Auch die anderen, durchwegs kurzen Erzählungen von Angelika Waldis sind solche Momentaufnahmen von manchmal alltäglichen, manchmal schrägen Situationen: prägnante Skizzen aus wenigen Strichen. Dabei geht es oft um scheiternde Beziehungen zwischen Liebenden oder Familienmitgliedern, um unerfüllte Sehnsucht und stillen Hass.

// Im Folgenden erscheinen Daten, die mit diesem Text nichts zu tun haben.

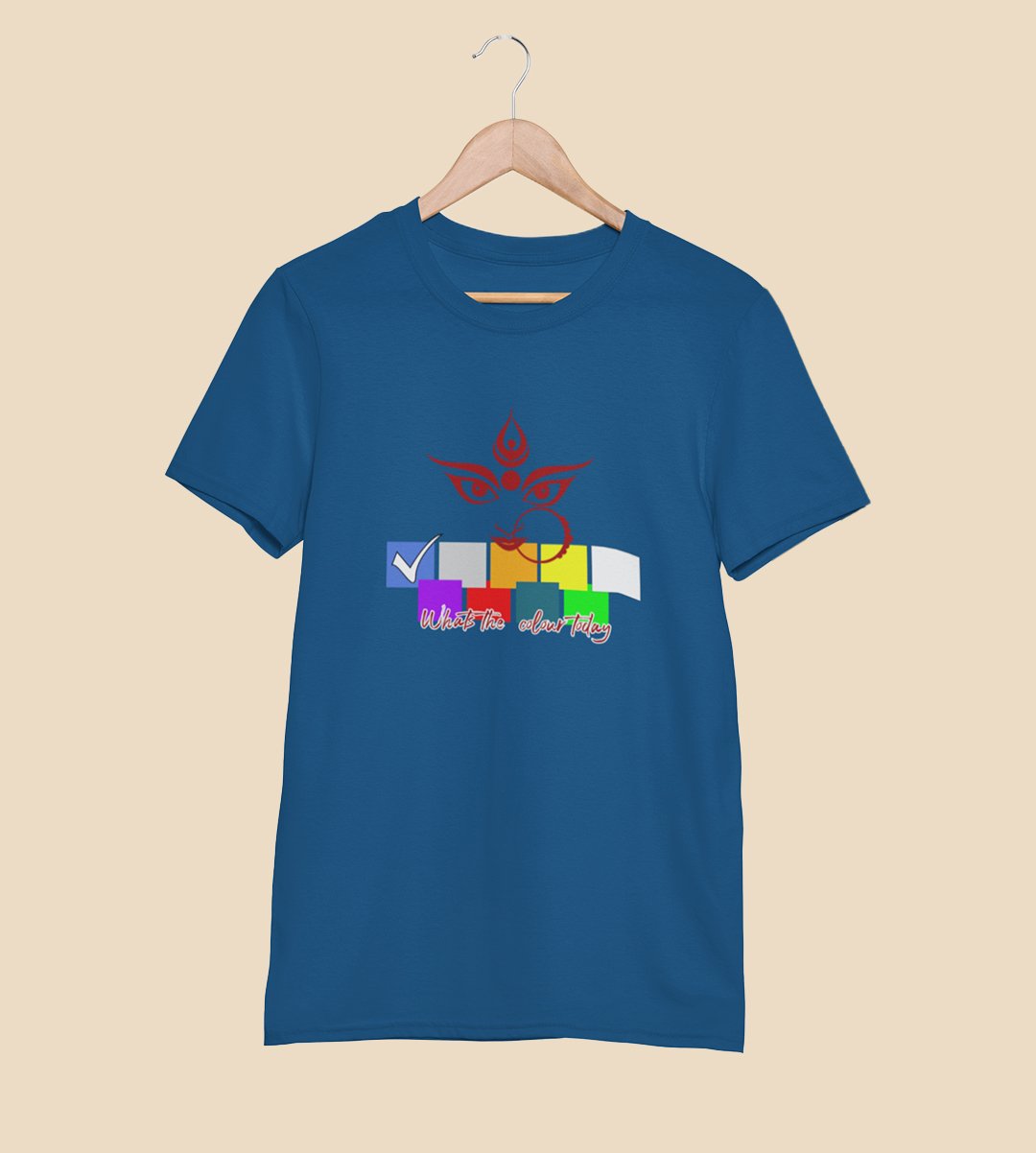 Whats the colour today printed unisex adults round neck cotton half-sleeve blue tshirt specially for Navratri festival/ Durga puja

»Am Anfang meiner Geschichten steht meist eine Idee, die ich illustrieren möchte«, sagt die Autorin. »Das kann Empörung sein oder Schmerz, manchmal ausgelöst durch etwas, was ich höre oder in der Zeitung gelesen habe. Dieses starke Gefühl stecke ich dann in eine Person und lasse sie damit laufen, oft ohne vorher zu wissen, wo sie hingeraten wird.« Ihre Figuren können skurrile Sonderlinge sein, wie etwa der Schulabwart, der eine heimliche Sammlung gebrauchter Papiertaschentücher anlegt. Sein zunehmend verkommendes städtisches Umfeld dagegen ist genau beobachtete Realität. Dazu kommen autobiografische Erinnerungen an Menschen und Landschaften, manchmal auch recherchierte Fakten. Manche Geschichten enden tragisch, etwa im Suizid einer Ladendiebin. Alle sind mit leichter Hand erzählt, oft witzig und manchmal spannend, aber immer vor einem Hintergrund unsentimentaler Melancholie. Überflüssig zu betonen, dass solche Leichtigkeit immer das Ergebnis geduldiger Schleifarbeit ist. »Ich schreibe sehr langsam«, verrät die Autorin, »ich arbeite einen Satz lange im Kopf durch, bevor ich ihn gelten lasse. Doch was dann einmal steht, lasse ich meist unverändert.« In ihrer unprätentiös lakonischen Sprache blitzen immer wieder überraschende Bilder auf wie glänzende Einschlüsse in grauem Gestein. Da scheint etwa der frühe Morgen im winterlichen Gebirge »noch ungehäutet, eine lila Hülle spannte sich vom Schwertberg zu den Wendestöcken.« In einer anderen Geschichte

schaut ein Mann neben seinem sterbenden Hund zu, wie es schneit: »Die Flocken sind leicht und wirbeln manchmal hoch, es sieht aus, als würde die Welt neu gemixt.« Und er stellt sich vor, »dass die Flocken nicht fallen, sondern stehen und dass er in seinem Stuhl hochfährt, höher und höher, die Flockentapete entlang.« Oder eine Frau kommt zu ihrem Geliebten »mit einer Ladung Zärtlichkeit, die zu groß ist für ein Wochenende« und genießt dann »die dick mit Glück bestrichene Zeit.« Das sind keine eitel ausgebreiteten Trouvaillen, sondern gezielt gesetzte, stimmige Farbtupfer. Und so fühlt sich der erste Liebeskummer eines jungen Mädchens an: »Das Weh ist innen und außen, die Haut brennt, als wäre keine mehr da, als hätte man sie abgezogen wie von einem Pfirsich und das glänzende Fleisch bloßgelegt, und in der Speiseröhre hockt ein Ding, das nicht tiefer rutscht und das ganz hart wird, wenn sie mit den anderen lachen soll.«

Da erklingt eine neue Stimme in der Schweizer Literatur. Nächsten Frühling erscheint unter dem Titel »Briefe an den Enkel« bereits das nächste Buch von Angelika Waldis. Und in ihrer Schublade liegt ein fertiges Romanmanuskript: »eine offene Liebesgeschichte, von einer Frau und einem Mann parallel erzählt, aber alles andere als parallel verlaufend», sagt die Autorin dazu.